Clinical Orthopaedics and Related Research: January 2013 - Volume 471 - Issue 1 - p 169–174 doi: 10.1007/s11999-012-2573-3 Symposium: Papers Presented at the Annual Meetings of The Knee Society

Patient-specific Total Knee Arthroplasty Required Frequent Surgeon-directed Changes

Stronach, Benjamin, M., MD1; Pelt, Christopher, E., MD2; Erickson, Jill, PA2; Peters, Christopher, L., MD2, a

Background Patient-specific instrumentation potentially improves surgical precision and decreases operative time in total knee arthroplasty (TKA) but there is little supporting data to confirm this presumption.


Questions/purposes We asked whether patient-specific instrumentation would require infrequent intraoperative changes to replicate a single surgeon’s preferences during TKA and whether patient-specific instrumentation guides would fit securely.

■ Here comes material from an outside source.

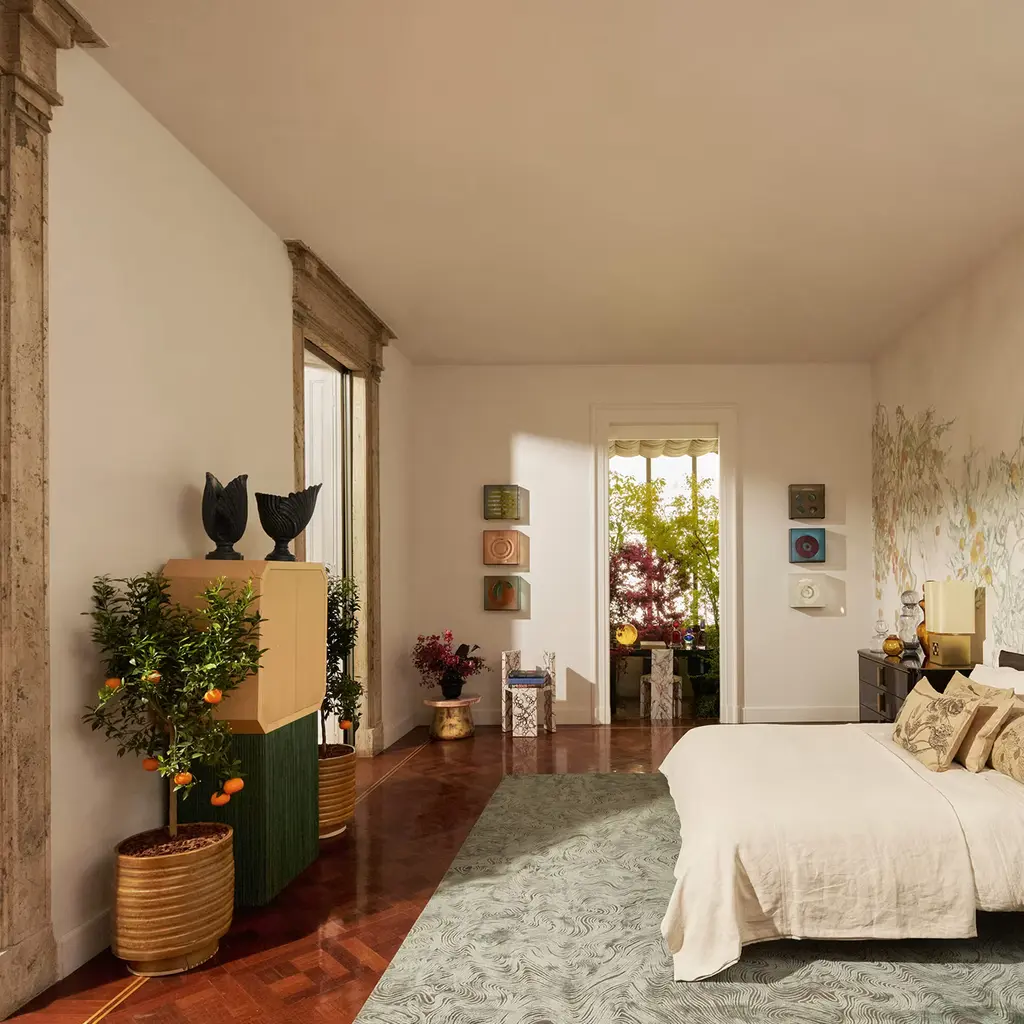 Inspired by the atmosphere of the theater, this unique cabinet is part of the Sipario series. The top cabinet is available in oak or "Canaletto" walnut wood with an interior glass shelf. The storage space below is covered with two long fringes of traditional Italian trimming available in different colors, made with the "Tripolino" technique, a very thick trimming obtained with one single thread carefully crocheted.

Methods We prospectively evaluated the plan and surgery in 60 patients treated with 66 TKAs performed with patient-specific instrumentation and recorded any changes. A subset of six postoperative radiographic changes to the femoral and tibial components (implant size, coronal and sagittal alignment) was analyzed to determine if surgeon intervention was beneficial. Each guide was evaluated to determine fit. We compared patient demographics and implant sizing in the patient-specific instrumentation group with a control group in which traditional instrumentation was used.


Results We recorded 161 intraoperative changes in 66 knee arthroplasties (2.4 changes/knee) performed with patient-specific instrumentation. The predetermined implant size was changed intraoperatively in 77% of femurs and 53% of tibias. We identified a subset of 95 intraoperative changes that could be radiographically evaluated to determine if our changes were an improvement or detriment to reaching goal alignment. Eighty-two of the 95 changes (86%) made by the surgeon were an improvement to the recommended alignment or size of patient-specific instrumentation. The guide did not fit securely on eight femurs (12%) and three tibias (5%). Tourniquet time and blood loss were not improved with patient-specific instrumentation.


Conclusions We caution surgeons against blind acceptance of patient-specific instrumentation technology without supportive data.


Level of Evidence Level III, therapeutic study. See Guidelines for Authors for a complete description of levels of evidence.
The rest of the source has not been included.